WHAT THIS TASK INVOLVES: Using the entries that follow, transcribe only the lines from the line with "Il magico puzzle" to the line with "Penna Clin. Penna", both included, exactly as they stand and without pictures.

DATA FOR PROCESSING:
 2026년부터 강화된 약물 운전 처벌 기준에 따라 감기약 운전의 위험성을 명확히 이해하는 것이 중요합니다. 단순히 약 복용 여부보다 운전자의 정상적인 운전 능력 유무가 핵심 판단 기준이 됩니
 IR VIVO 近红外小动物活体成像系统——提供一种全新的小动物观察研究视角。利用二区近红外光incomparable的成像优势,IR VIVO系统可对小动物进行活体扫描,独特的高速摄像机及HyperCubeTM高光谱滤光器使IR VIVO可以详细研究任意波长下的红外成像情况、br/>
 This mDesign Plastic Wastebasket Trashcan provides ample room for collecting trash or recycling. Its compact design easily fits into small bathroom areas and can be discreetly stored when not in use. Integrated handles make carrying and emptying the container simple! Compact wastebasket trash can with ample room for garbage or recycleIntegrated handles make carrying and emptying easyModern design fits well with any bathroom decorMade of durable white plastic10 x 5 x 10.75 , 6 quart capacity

==

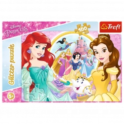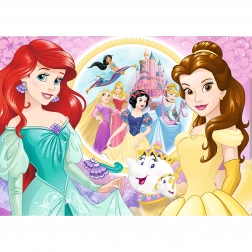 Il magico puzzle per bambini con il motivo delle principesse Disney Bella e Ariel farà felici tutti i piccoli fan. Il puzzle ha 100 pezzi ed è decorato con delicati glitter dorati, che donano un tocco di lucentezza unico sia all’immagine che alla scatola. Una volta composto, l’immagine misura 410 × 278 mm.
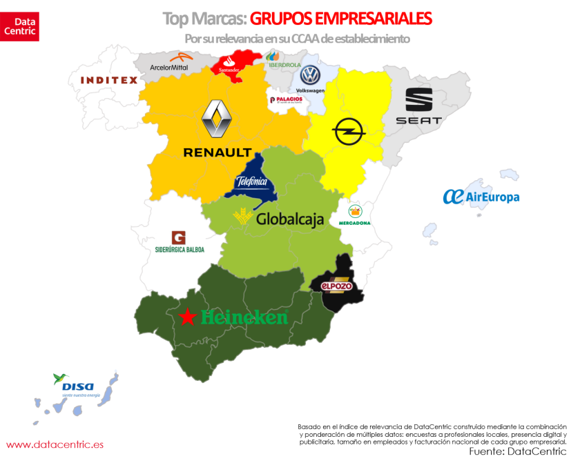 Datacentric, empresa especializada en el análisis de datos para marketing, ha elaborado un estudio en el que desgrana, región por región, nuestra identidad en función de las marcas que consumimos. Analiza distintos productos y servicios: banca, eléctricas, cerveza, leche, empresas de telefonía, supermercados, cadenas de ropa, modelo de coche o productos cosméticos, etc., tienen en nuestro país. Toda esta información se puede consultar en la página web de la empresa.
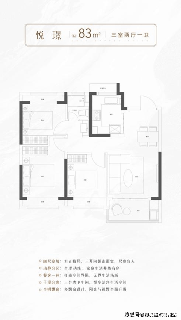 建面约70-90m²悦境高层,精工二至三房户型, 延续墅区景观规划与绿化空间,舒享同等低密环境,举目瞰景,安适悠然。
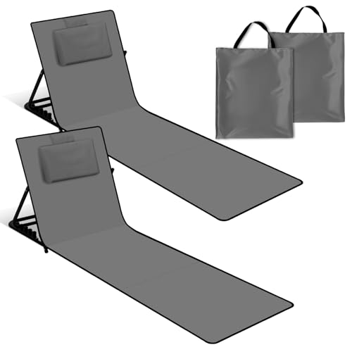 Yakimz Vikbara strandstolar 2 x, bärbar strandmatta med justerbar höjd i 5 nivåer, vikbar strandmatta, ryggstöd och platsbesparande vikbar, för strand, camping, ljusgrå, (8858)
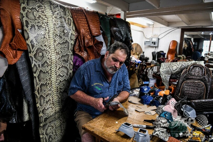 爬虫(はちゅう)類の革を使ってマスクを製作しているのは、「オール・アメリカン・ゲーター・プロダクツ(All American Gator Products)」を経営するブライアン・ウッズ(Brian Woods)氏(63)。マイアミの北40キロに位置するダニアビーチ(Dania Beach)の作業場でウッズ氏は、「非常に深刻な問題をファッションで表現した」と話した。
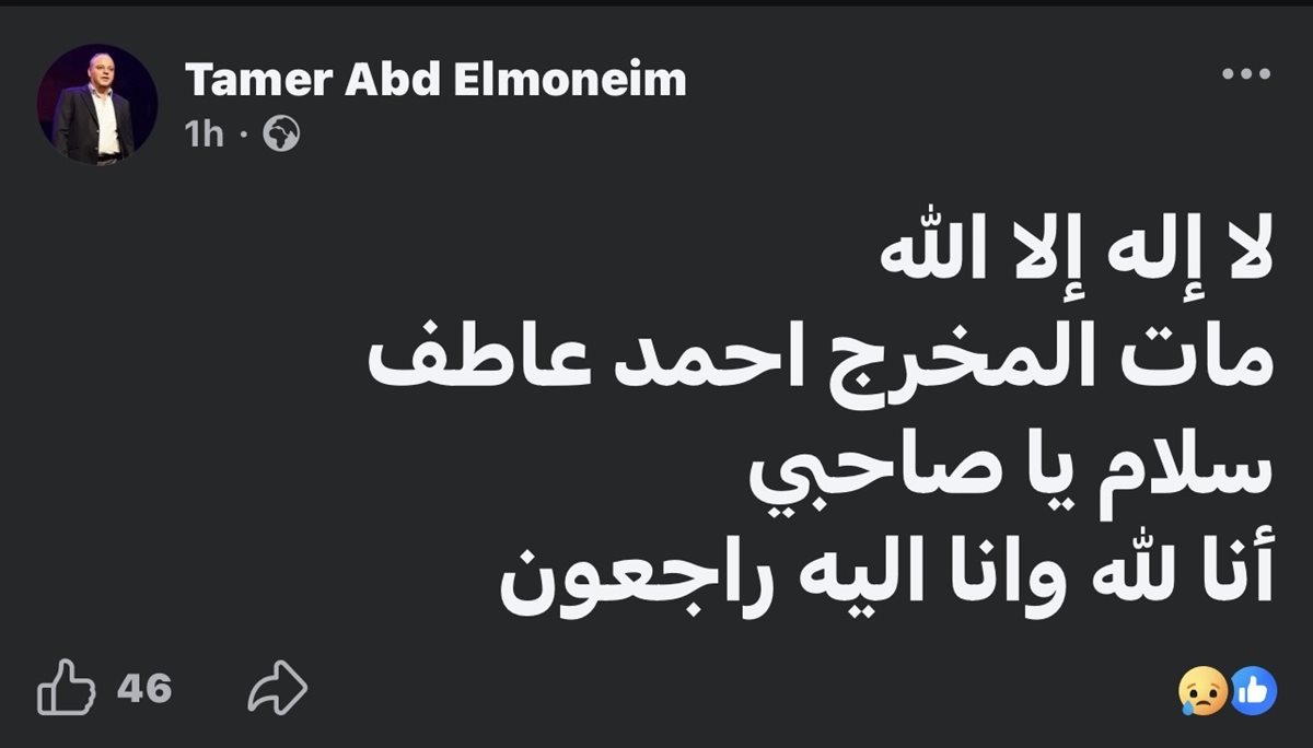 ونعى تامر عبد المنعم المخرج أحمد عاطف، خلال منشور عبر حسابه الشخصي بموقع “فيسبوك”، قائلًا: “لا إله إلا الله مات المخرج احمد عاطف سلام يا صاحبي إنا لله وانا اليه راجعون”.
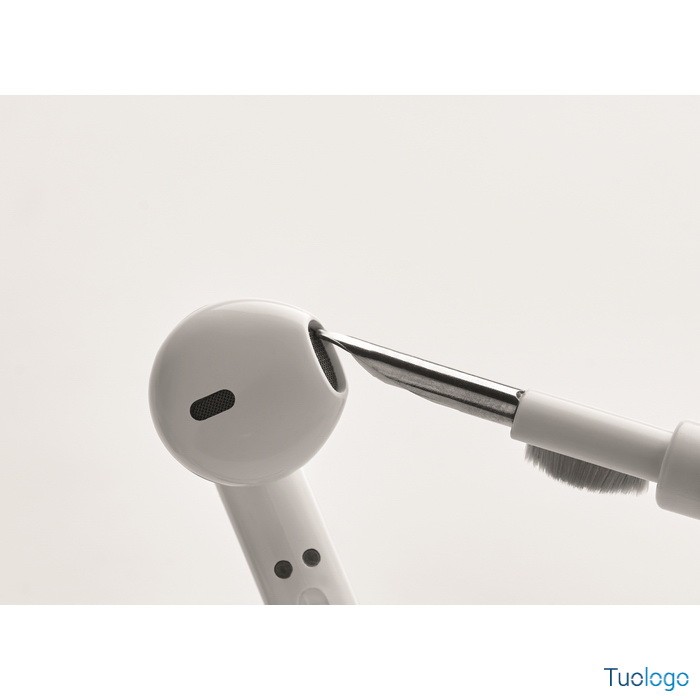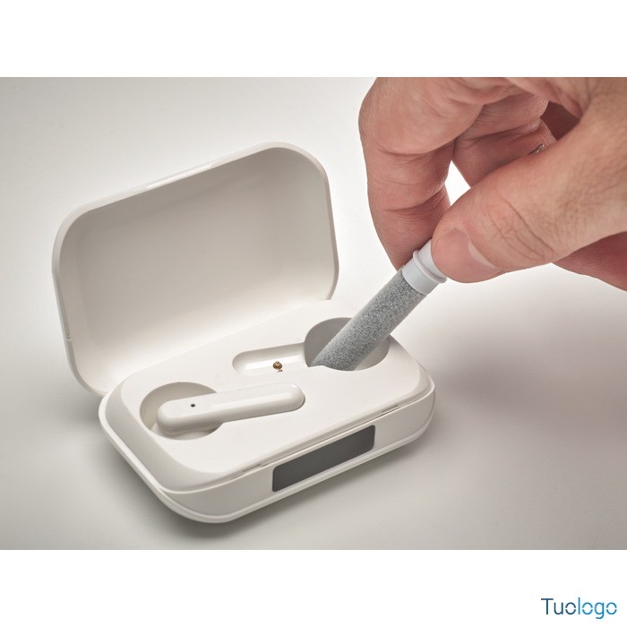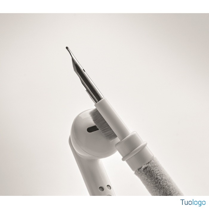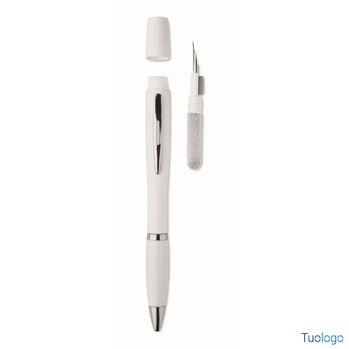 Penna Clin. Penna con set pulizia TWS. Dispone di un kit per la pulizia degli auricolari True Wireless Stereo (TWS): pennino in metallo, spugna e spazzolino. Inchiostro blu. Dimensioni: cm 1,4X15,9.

--

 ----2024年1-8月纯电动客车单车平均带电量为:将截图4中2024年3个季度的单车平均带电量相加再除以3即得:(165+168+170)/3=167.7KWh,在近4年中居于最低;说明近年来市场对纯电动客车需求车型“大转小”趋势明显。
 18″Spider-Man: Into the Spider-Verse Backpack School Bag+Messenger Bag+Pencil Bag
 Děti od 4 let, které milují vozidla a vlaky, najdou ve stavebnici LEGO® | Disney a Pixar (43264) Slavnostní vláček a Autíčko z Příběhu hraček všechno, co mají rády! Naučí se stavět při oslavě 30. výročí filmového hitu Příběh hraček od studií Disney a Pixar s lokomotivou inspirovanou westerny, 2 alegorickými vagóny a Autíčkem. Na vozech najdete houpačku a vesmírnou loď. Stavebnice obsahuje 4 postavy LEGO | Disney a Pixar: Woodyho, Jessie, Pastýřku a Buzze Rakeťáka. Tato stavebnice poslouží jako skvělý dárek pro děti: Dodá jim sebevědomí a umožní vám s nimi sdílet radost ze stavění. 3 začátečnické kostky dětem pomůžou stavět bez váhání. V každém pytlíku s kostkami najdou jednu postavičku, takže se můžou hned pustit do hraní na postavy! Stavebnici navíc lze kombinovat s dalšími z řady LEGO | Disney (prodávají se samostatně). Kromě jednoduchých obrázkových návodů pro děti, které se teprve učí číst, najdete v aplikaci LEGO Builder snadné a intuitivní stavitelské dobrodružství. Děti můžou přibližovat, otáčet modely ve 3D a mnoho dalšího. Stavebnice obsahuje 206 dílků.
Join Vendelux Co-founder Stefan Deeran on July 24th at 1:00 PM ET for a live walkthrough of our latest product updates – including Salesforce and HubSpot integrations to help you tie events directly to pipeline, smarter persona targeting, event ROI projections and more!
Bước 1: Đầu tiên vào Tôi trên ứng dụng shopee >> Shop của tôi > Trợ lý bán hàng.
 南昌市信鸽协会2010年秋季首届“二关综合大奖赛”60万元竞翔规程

YOUR RESPONSE:
 Il magico puzzle per bambini con il motivo delle principesse Disney Bella e Ariel farà felici tutti i piccoli fan. Il puzzle ha 100 pezzi ed è decorato con delicati glitter dorati, che donano un tocco di lucentezza unico sia all’immagine che alla scatola. Una volta composto, l’immagine misura 410 × 278 mm.
 Datacentric, empresa especializada en el análisis de datos para marketing, ha elaborado un estudio en el que desgrana, región por región, nuestra identidad en función de las marcas que consumimos. Analiza distintos productos y servicios: banca, eléctricas, cerveza, leche, empresas de telefonía, supermercados, cadenas de ropa, modelo de coche o productos cosméticos, etc., tienen en nuestro país. Toda esta información se puede consultar en la página web de la empresa.
 建面约70-90m²悦境高层,精工二至三房户型, 延续墅区景观规划与绿化空间,舒享同等低密环境,举目瞰景,安适悠然。
 Yakimz Vikbara strandstolar 2 x, bärbar strandmatta med justerbar höjd i 5 nivåer, vikbar strandmatta, ryggstöd och platsbesparande vikbar, för strand, camping, ljusgrå, (8858)
 爬虫(はちゅう)類の革を使ってマスクを製作しているのは、「オール・アメリカン・ゲーター・プロダクツ(All American Gator Products)」を経営するブライアン・ウッズ(Brian Woods)氏(63)。マイアミの北40キロに位置するダニアビーチ(Dania Beach)の作業場でウッズ氏は、「非常に深刻な問題をファッションで表現した」と話した。
 ونعى تامر عبد المنعم المخرج أحمد عاطف، خلال منشور عبر حسابه الشخصي بموقع “فيسبوك”، قائلًا: “لا إله إلا الله مات المخرج احمد عاطف سلام يا صاحبي إنا لله وانا اليه راجعون”.
 Penna Clin. Penna con set pulizia TWS. Dispone di un kit per la pulizia degli auricolari True Wireless Stereo (TWS): pennino in metallo, spugna e spazzolino. Inchiostro blu. Dimensioni: cm 1,4X15,9.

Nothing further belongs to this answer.